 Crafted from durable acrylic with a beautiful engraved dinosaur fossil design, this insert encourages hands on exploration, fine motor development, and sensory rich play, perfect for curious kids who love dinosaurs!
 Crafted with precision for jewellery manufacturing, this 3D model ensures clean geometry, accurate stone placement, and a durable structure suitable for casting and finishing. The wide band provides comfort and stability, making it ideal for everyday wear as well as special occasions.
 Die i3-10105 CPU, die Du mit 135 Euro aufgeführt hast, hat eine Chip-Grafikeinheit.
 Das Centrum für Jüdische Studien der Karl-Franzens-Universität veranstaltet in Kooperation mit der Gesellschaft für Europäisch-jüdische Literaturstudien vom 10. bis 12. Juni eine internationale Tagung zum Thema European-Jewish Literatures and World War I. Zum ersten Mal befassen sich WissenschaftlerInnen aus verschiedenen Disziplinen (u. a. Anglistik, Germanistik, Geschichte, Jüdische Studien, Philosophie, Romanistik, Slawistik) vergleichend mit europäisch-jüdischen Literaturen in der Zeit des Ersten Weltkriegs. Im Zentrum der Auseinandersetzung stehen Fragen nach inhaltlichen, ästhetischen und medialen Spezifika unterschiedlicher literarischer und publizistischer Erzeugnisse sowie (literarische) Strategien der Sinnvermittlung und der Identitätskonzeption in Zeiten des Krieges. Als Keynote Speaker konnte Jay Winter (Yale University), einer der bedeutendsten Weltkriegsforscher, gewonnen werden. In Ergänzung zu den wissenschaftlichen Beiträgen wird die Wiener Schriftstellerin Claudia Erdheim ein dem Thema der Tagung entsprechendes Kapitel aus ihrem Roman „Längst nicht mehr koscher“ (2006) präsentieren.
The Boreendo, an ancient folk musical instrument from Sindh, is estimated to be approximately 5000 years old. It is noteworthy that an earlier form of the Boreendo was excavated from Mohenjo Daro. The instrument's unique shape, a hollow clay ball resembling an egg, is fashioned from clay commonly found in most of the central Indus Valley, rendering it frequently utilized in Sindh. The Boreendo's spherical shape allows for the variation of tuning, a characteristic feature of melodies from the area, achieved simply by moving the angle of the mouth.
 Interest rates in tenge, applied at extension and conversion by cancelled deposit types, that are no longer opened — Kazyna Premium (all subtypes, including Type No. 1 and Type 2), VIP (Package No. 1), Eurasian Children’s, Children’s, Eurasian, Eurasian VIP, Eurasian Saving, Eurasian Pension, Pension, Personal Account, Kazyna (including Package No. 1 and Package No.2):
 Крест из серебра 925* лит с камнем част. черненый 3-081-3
----------
TASK DETAILS.
With no line omitted, copy all the data exactly.

RESULT OF THIS EXERCISE.
 Crafted from durable acrylic with a beautiful engraved dinosaur fossil design, this insert encourages hands on exploration, fine motor development, and sensory rich play, perfect for curious kids who love dinosaurs!
 Crafted with precision for jewellery manufacturing, this 3D model ensures clean geometry, accurate stone placement, and a durable structure suitable for casting and finishing. The wide band provides comfort and stability, making it ideal for everyday wear as well as special occasions.
 Die i3-10105 CPU, die Du mit 135 Euro aufgeführt hast, hat eine Chip-Grafikeinheit.
 Das Centrum für Jüdische Studien der Karl-Franzens-Universität veranstaltet in Kooperation mit der Gesellschaft für Europäisch-jüdische Literaturstudien vom 10. bis 12. Juni eine internationale Tagung zum Thema European-Jewish Literatures and World War I. Zum ersten Mal befassen sich WissenschaftlerInnen aus verschiedenen Disziplinen (u. a. Anglistik, Germanistik, Geschichte, Jüdische Studien, Philosophie, Romanistik, Slawistik) vergleichend mit europäisch-jüdischen Literaturen in der Zeit des Ersten Weltkriegs. Im Zentrum der Auseinandersetzung stehen Fragen nach inhaltlichen, ästhetischen und medialen Spezifika unterschiedlicher literarischer und publizistischer Erzeugnisse sowie (literarische) Strategien der Sinnvermittlung und der Identitätskonzeption in Zeiten des Krieges. Als Keynote Speaker konnte Jay Winter (Yale University), einer der bedeutendsten Weltkriegsforscher, gewonnen werden. In Ergänzung zu den wissenschaftlichen Beiträgen wird die Wiener Schriftstellerin Claudia Erdheim ein dem Thema der Tagung entsprechendes Kapitel aus ihrem Roman „Längst nicht mehr koscher“ (2006) präsentieren.
The Boreendo, an ancient folk musical instrument from Sindh, is estimated to be approximately 5000 years old. It is noteworthy that an earlier form of the Boreendo was excavated from Mohenjo Daro. The instrument's unique shape, a hollow clay ball resembling an egg, is fashioned from clay commonly found in most of the central Indus Valley, rendering it frequently utilized in Sindh. The Boreendo's spherical shape allows for the variation of tuning, a characteristic feature of melodies from the area, achieved simply by moving the angle of the mouth.
 Interest rates in tenge, applied at extension and conversion by cancelled deposit types, that are no longer opened — Kazyna Premium (all subtypes, including Type No. 1 and Type 2), VIP (Package No. 1), Eurasian Children’s, Children’s, Eurasian, Eurasian VIP, Eurasian Saving, Eurasian Pension, Pension, Personal Account, Kazyna (including Package No. 1 and Package No.2):
 Крест из серебра 925* лит с камнем част. черненый 3-081-3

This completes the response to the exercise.